Only for the prospective dataset, the quantification of angiotensin-converting enzyme 2 (MBS2506383-96), angiotensin 1–7 (Cod. MBS084052-96), and hypoxia-inducible factor 1α (Cod. MBS282197-96) in plasma sample, as well as 2,3-biphosphoglycerate (Cod. MBS288269-96) in red blood cells, was performed using commercial enzyme-linked immunosorbent assay (ELISA) kits.

2.4 Descriptive Analysis

Separate descriptive analyses were performed for the retrospective and prospective datasets. The variables were summarized in terms of minimum value, maximum value, mean, median, and interquartile range. For each variable, the count and the percentage of missing values were also reported. The marginal association between each pair of variables was evaluated by calculating the Spearman's correlation coefficient (r = 0.00–0.19 indicates a very weak correlation, r = 0.20–0.39 indicates a weak correlation, r = 0.40–0.59 indicates a moderate correlation, r = 0.60–0.79 indicates a strong correlation, and r = 0.80–1.00 indicates a very strong correlation [23]), with its 90% confidence intervals (CIs).

2.5 Tree-Based Analysis

CALIPER ILD was considered as the outcome for the following subset of features: age, Hb, Ferritin, LDH, pO₂, pCO₂, and lactate. The association between the outcome and the selected features was analyzed by specifying a regression tree (RT) [24]. RTs are a class of nonparametric predictive models that lead to a piecewise constant representation of the regression function by partitioning the predictor space. Details on CART algorithm and RTs theory can be found in [24-26]. The analysis of the retrospective dataset was restricted to the units with non-missing outcomes (n = 267), while we handled missing predictors following a standard procedure commonly implemented within the CART algorithm [21, 22].

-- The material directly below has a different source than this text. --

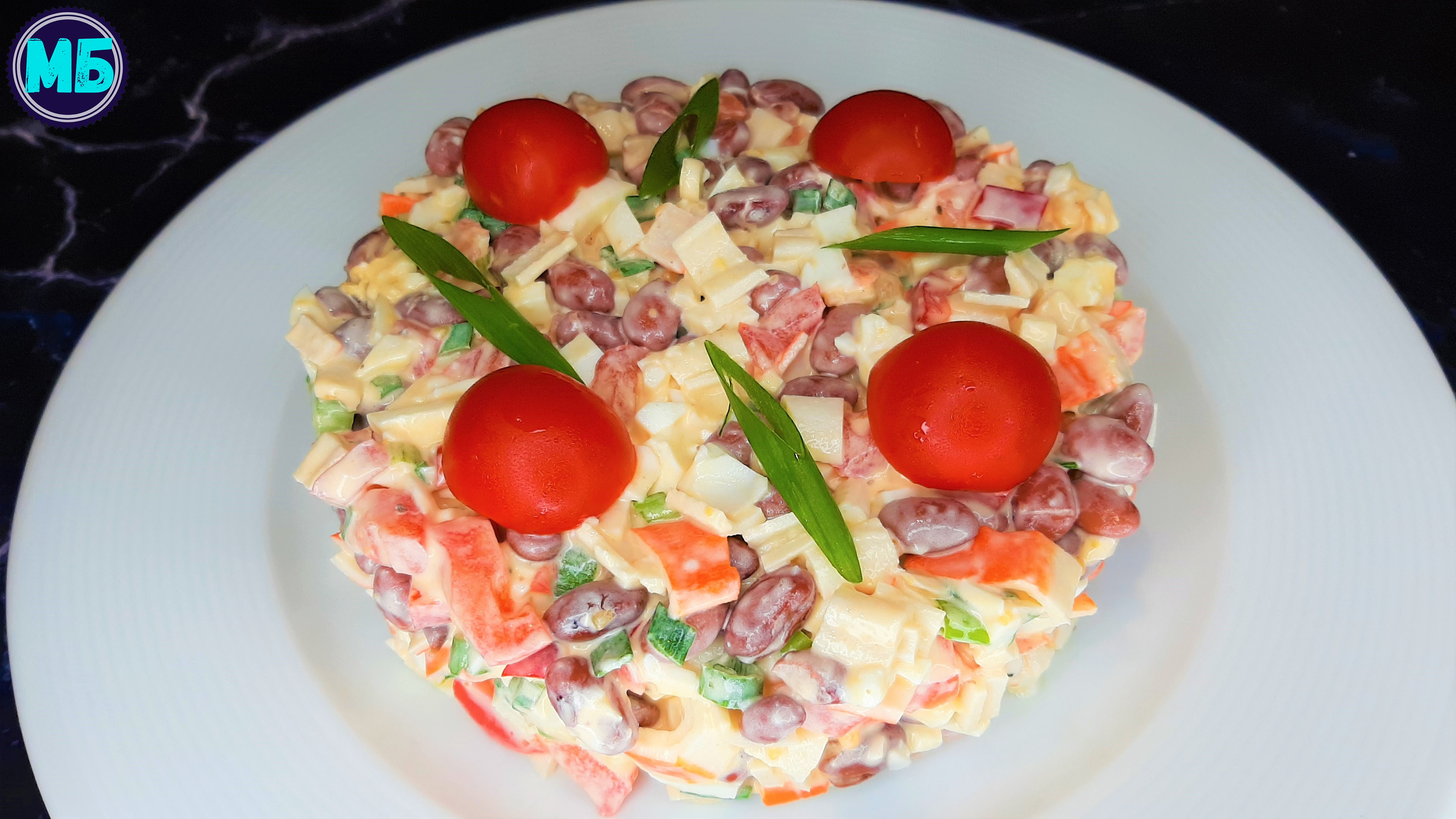 фасоль консервированная (красная) 400 гр. перья зеленого лука (3 луковицы) перец болгарский 1/4 часть крабовые палочки 200 гр. яйца 4 шт. помидор 1 шт. чеснок 1 зубчик сметана 1 ст.л. майонез 1 ст.л. соль по вкусу (1\3 ч.л.) молотый черный перец по вкусу украсить по вкусу

To express the relative contribution of each explanatory variable in predicting the outcome, we calculated the so-called variable importance (VI), defined as in [24]. The VI values were scaled to sum to 100.

Regarding the prospective dataset, the analysis was performed on all the units (n = 75), including those with missing outcomes. In fact, the first step of the analysis consisted of a multiple imputation of missing values. Specifically, under the Missing At Random assumption, we performed a Multiple Imputation by Chained Equations (MICE) [27], using random forests as predictive models [28]. For the multiple imputation, all the clinical and laboratory information collected on the 75 patients (for a total of 31 variables) was considered. 20 imputed datasets were obtained, on which we conducted the same tree-based analysis performed on the retrospective dataset. The results obtained on the 20 imputed datasets were finally combined in an overall result [28].

2.6 Cross-Validation Scheme

The predictive performance of the RT models was evaluated via Cross Validation, for both the retrospective and the prospective datasets (Figure 1).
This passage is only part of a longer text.